The full extent of the Old English vocabulary is not known to present-day scholars. There is no doubt that many words have not been recorded in the extant texts at all. The evidence of the records has been supplemented from other sources: from the study of the words of closely related Old Germanic languages and from later, more extensive Middle English texts. Modern estimates of the total vocabulary of Old English range from about thirty thousand words to almost one hundred thousand – the latter figure being probably too high and unrealistic. Despite the gaps in the accessible data, philological studies in the last centuries have given us a fairly complete outline of the Old English vocabulary as regards its etymology, word structure, word-building and stylistic differentiation. Examination of the origin of words is of great interest in establishing the interrelations between languages and linguistic groups. Word etymology throws light on the history of the speaking community and on its contacts with other peoples. The Old English vocabulary was almost purely Germanic. Except for a small number of borrowings, it consisted of native words inherited from Proto Germanic or formed from native roots and affixes. Native Old English words can be subdivided into a number of etymological layers coming from different historical periods. The tree main layers in the native Old English words are: - common Indo-European words; - common Germanic words; - specifically Old English words.
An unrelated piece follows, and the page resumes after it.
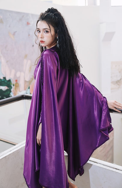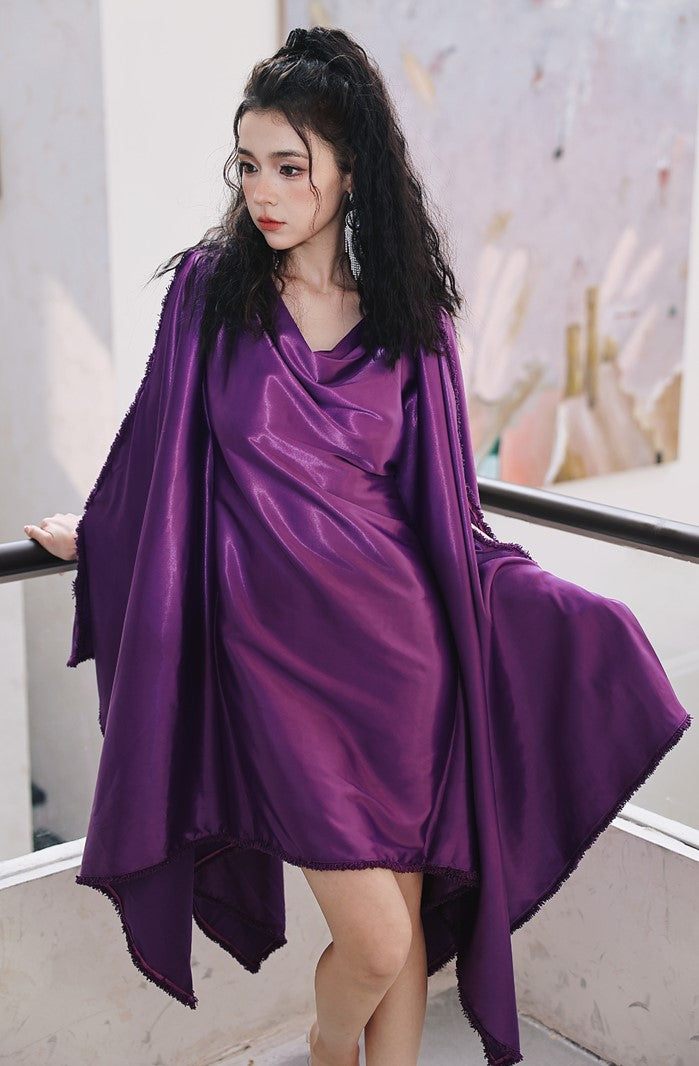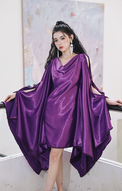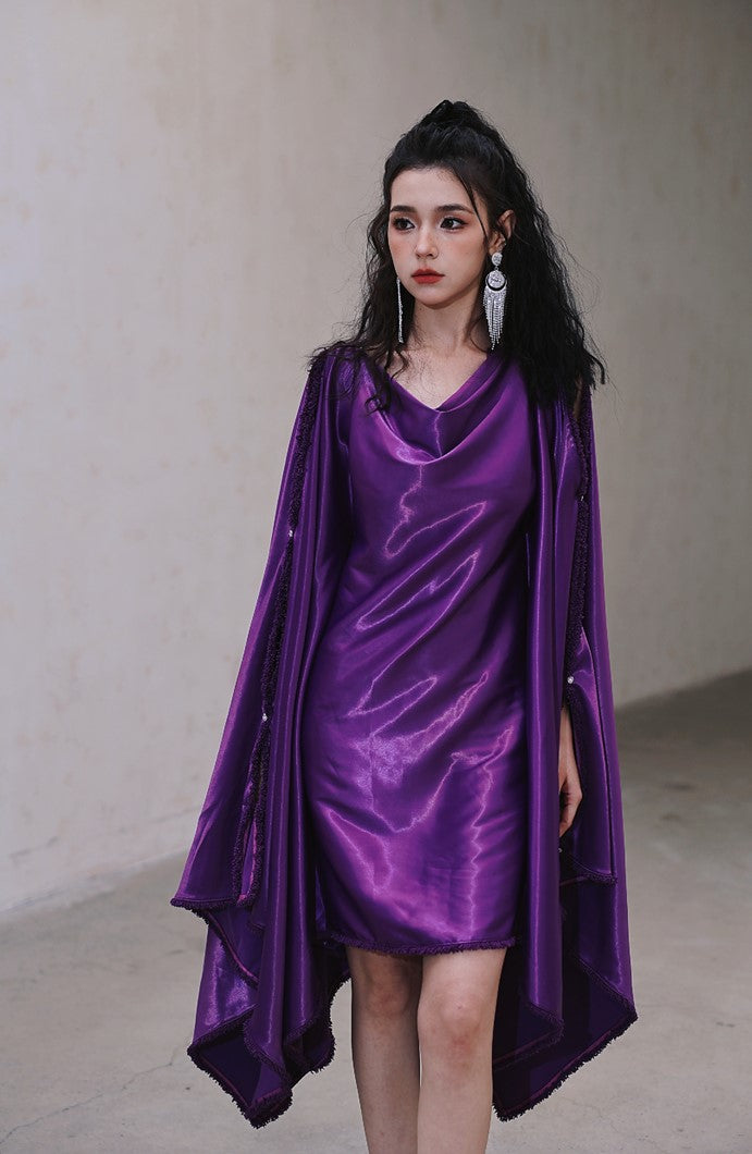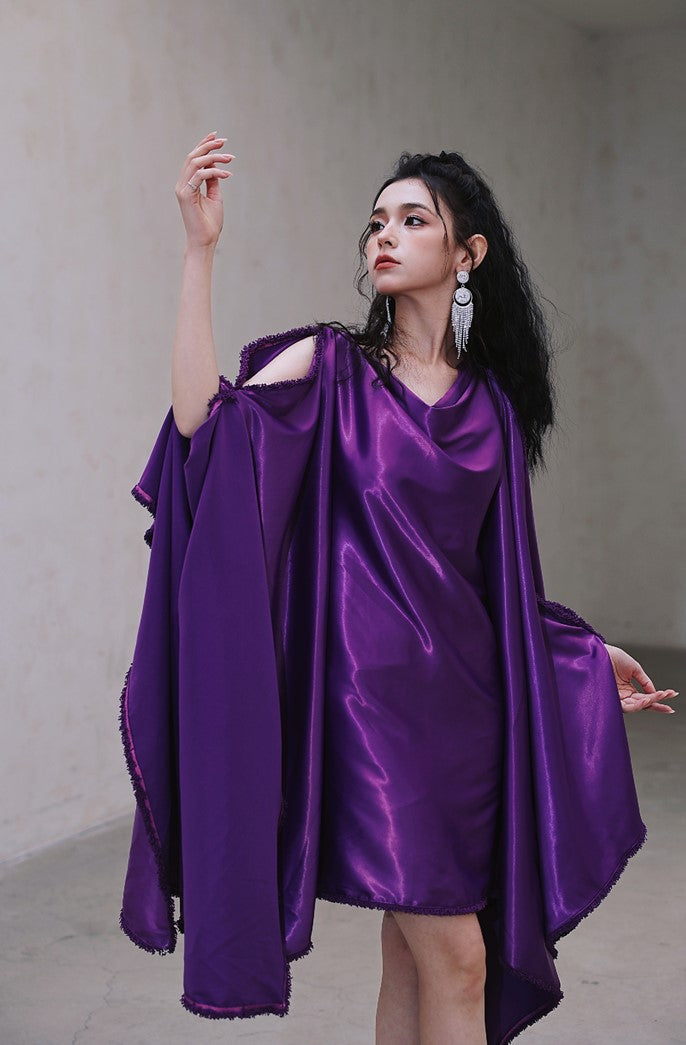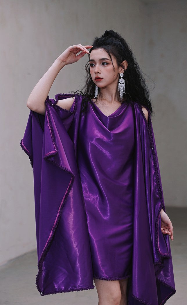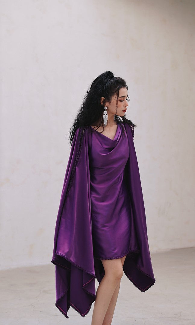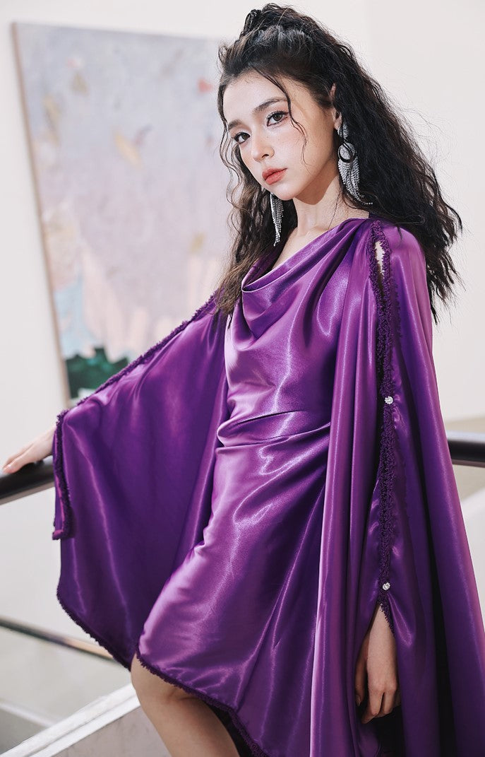 DOLLY Elegant Deep Purple Off Shoulder Swing Collar Short Party Dress-PREETI (V)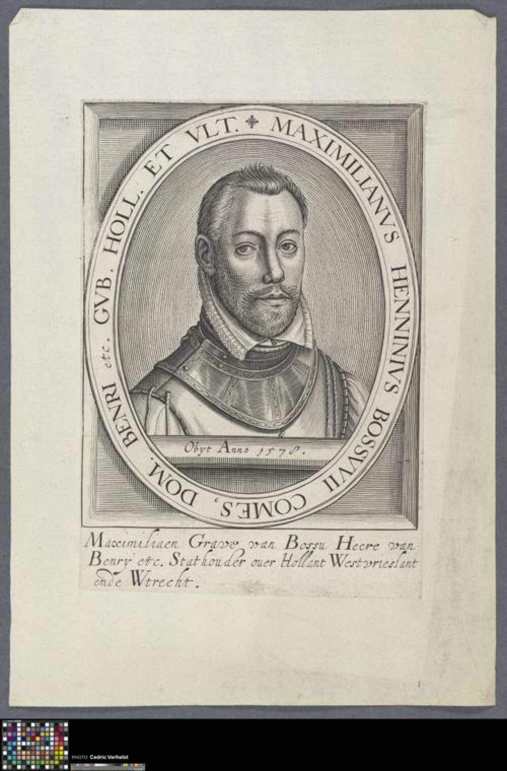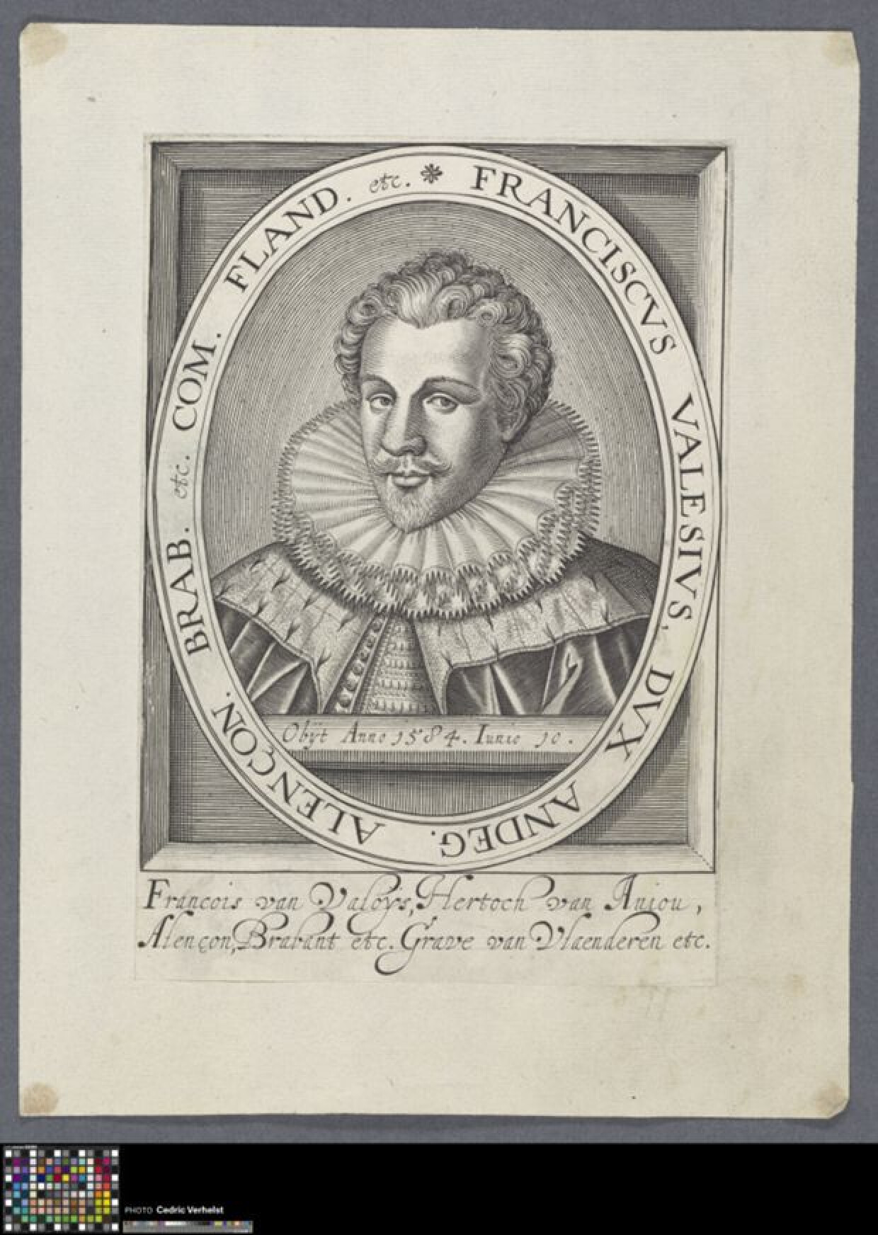 17de eeuwBusteportret van François, hertog van Anjou en Alençon (Parijs 1555 - Château-Thierry 1584). Hij was de jongste zoon van koning Hendrik II van Frankrijk en Catharina de' Medici. De hertog is in buste afgebeeld in een ovalen omlijsting met een inscriptie. Hij draagt een plooikraag en een mantel. Hij bevindt zich achter een borstwering met inscriptie. In de marge onderaan is een tweeregelig opschrift te lezen dat de geportretteerde identificeert. De prent maakt deel uit van een reeks portretten van Emanuel Van Meteren gepubliceerd in "Historie der Nederlandscher ende haerder na-buren oorlogen ende geschiede [...]" (Den Haag, 1614). Deze prent werd toegevoegd in de latere publicatie "Tooneel der beroemder Hertogen, Princen, Graven en de Krygs-helden" gepubliceerd door Nicolaes de Clerck (Delft, 1617). Maakt deel uit van het album met (losse) portretten uit de 16de en 17de eeuw (2014.GRO0019.III).

Although borrowed words constituted only a small portion of the Old English vocabulary, they are of great interest for linguistic and historical study. The borrowings reflect the contacts of English with other tongues resulting from diverse political, economic and cultural events in the early periods of British history. Old English borrowings come from two sources – Celtic and Latin. In the course of the Old English period the vocabulary grew. It was mainly replenished from native sources, by means of word formation.

According to their morphological structure Old English words (like Modern English words) fell into three main types:

  1. simple words (root-words) or words with a simple stem, containing a root-morpheme and no derivational affixes: land;

  2. derived words consisting of one root-morpheme and one or more affixes:

be- innan, e-met-in ;

  1. compound words, their stems were made up of more than one root- morpheme: mann-cynn.

In late Proto Germanic the morphological structure of the word was simplified. By the age of writing many derived words had lost their stem-forming suffixes and had turned into simple words. The loss of stem-suffixes as means of words derivation stimulated the growth of other means of word-formation, especially the growth of suffixation.